Lots of Potato Salads

Blog-checking lines: Jami Sorrento was our June Daring Cooks hostess and she chose to challenge us to celebrate the humble spud by making a delicious and healthy potato salad. The Daring Cooks Potato Salad Challenge was sponsored by the nice people at the United States Potato Board, who awarded prizes to the top 3 most creative and healthy potato salads. A medium-size (5.3 ounce) potato has 110 calories, no fat, no cholesterol, no sodium and includes nearly half your daily value of vitamin C and has more potassium than a banana!

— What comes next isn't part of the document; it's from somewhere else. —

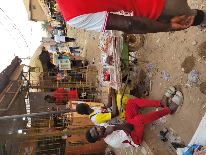 A bustling street scene features vendors and passersby. Two young men sit casually, one in red pants and a white shirt with red sleeves, the other in a yellow shirt. A cart laden with goods stands nearby. Behind them, a caged structure houses individuals. The background shows a street with various people and a yellow auto-rickshaw. Debris litters the ground. A man in a red shirt stands in the foreground, partially obscuring the view.

{oh dear. we're having a bit of a technological crisis at the Leaven household this morning, as Mr Leaven has discovered that the thousands of photos he imported from his iPhone were not, after all, imported and have disappeared entirely. It is quite a loss, and I feel awful for him. Also, there will be almost no photos in this post and definitely no patatas bravas shots. Instead, in commemoration of Father's Day, I will give you this amazing photograph of my dad.}

As soon as I read this month's Daring Cooks' Challenge to Mr Leaven, he began listing all the potato salads we would have to try. He was chomping at the bit to chop up those potatoes and toss them with just about anything he could think of. It's funny, because I wasn't feeling quite so inspired. I don't think I've ever eaten a potato salad, partly because most of them are dripping with mayonnaise, which isn't my favorite. Just as importantly, that mayo is very good at hiding whatever other dangers may be lurking in the potato salad - raw onion? yecch. celery? no thank you. raisins? heaven forbid! That's when I started to get excited myself about the prospect of making my very own potato salad, with whatever the heck I wanted to put in it. Plus, homemade mayonnaise that doesn't have that right-off-the-shelf taste! Or I could make a vinegar-based potato salad, with no mayo at all!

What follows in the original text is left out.